List of meetings attended including team events:

  • Aug/17/2020: Office Hour
  • Aug/17/2020: Micro-Away Team Meeting
  • Aug/18/2020: Webinar: How to Make a Professional Presentation
  • Aug/21/2020: [BI] Final Presentations

Detailed statements of tasks done:

  1. Start the personal project and made metadata
    This week I started a new project with breast cancer. Before that, I used metadata that the team lead provided. I saw the ‘seris matrix files’ in GEO and learned how to make metadata. This metadata includes cancer batch(early recurrence cancer, intermediate recurrence cancer, late recurrence cancer).

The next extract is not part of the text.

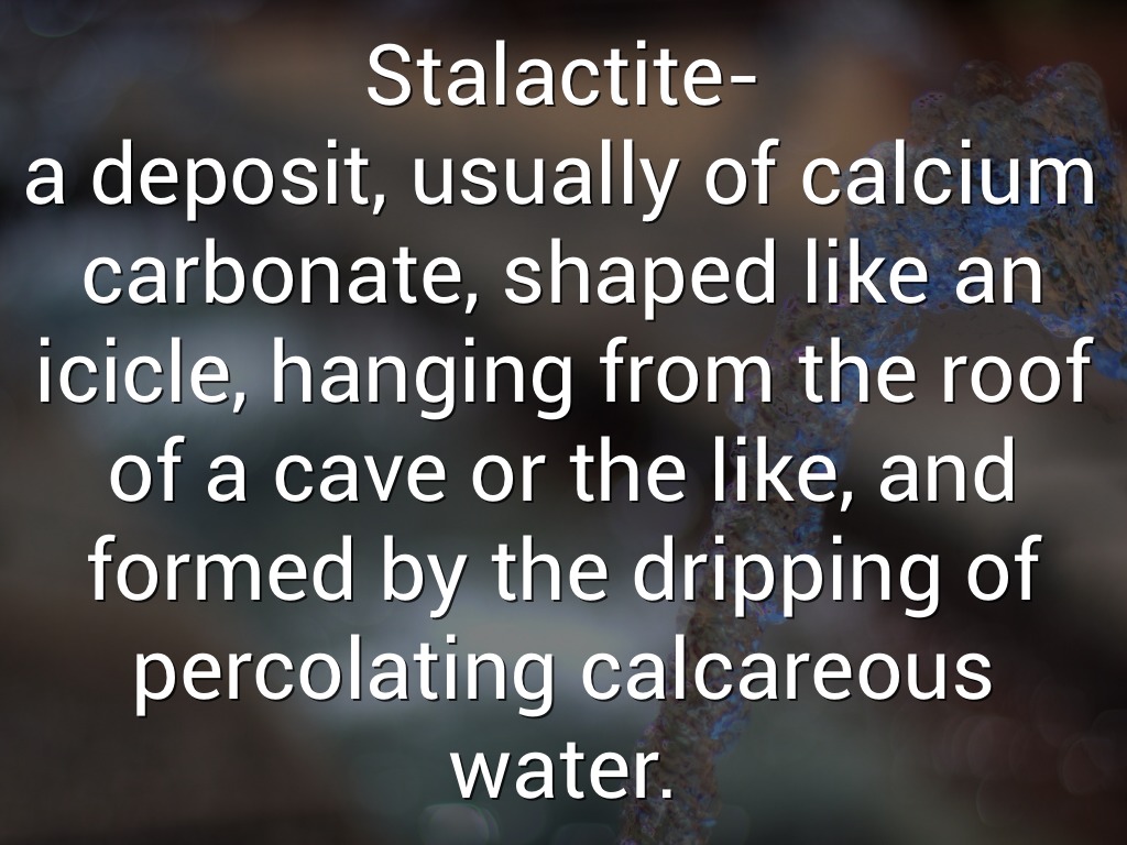 Stalactite- a deposit, usually of calcium carbonate, shaped like an icicle, hanging from the roof of a cave or the like, and formed by the dripping of percolating calcareous water.

  2. Read several papers related to estrogen positive breast cancer
    To understand what the data actually means, I need to read several papers related to my dataset. I figured out there are several subtypes of breast cancer, and estrogen positive group are susceptible to cancer recurrence. The reference papers are included in the presentation file.

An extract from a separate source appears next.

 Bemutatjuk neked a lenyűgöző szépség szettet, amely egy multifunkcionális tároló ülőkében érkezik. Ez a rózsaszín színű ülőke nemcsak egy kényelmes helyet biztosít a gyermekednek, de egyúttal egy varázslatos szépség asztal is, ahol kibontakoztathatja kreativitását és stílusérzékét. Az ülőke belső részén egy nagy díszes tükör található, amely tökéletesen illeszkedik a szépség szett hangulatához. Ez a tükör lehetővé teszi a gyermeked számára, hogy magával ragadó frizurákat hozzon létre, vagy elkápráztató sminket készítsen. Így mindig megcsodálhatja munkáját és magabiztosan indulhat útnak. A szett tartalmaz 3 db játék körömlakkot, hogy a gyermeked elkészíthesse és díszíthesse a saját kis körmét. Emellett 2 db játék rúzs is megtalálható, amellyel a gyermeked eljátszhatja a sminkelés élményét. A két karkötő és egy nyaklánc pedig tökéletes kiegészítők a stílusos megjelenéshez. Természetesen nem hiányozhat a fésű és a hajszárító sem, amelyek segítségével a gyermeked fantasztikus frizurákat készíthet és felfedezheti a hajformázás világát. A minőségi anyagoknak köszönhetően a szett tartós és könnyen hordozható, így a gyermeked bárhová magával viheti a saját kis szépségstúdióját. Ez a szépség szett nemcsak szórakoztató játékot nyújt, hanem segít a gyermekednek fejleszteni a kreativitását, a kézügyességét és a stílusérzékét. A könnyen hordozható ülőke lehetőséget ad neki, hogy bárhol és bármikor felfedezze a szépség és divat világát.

  3. Normalization & batch correction
    I normalized my data with gcrma package. At first, I batch corrected my data. I used single data so the batch correction was necessary, but I did those because I thought that process may help the data to be clustered. But I got meaningless data(every p value of differential gene was 1). I attended office hours, searched biostars, and asked in the forum but couldn’t find why this happened at first. I learned that batch correction may overcorrect the data if that correction is not necessary. It may be helpful to figure out what the mechanism of batch correction(ComBat function), and how it differs from the normalization procedure.
  4. Limma analysis
    I used limma to get differentially expressed gene list. But my data was all cancer data from same cancer group, so the gene expression was not that different. So I lowered the threshold. I plotted heatmap and volcano plot, and most of the genes were expressed almost the same. Few of the genes were expressed differentially, but the rate was not that significant from the previous project. But I continued the functional analysis to figure out what happens in the recurrence cancer from distinct recurrence time point.
  5. Functional analysis
    I got two differentially expressed gene list: differentially expressed gene comparing the early recurrence breast cancer versus intermediate recurrence breast cancer / differentially expressed gene comparing the intermediate recurrence breast cancer versus late recurrence breast cancer. I did same analysis(GO, KEGG, extracting hub genes from STRING DB). And did survival analysis of ESR1, which are differentially expressed in both list.
  6. Final project presentation in public
    finalproj_EunahYang.pdf (2.3 MB)
    This is my final project file, and I presented for about 15min.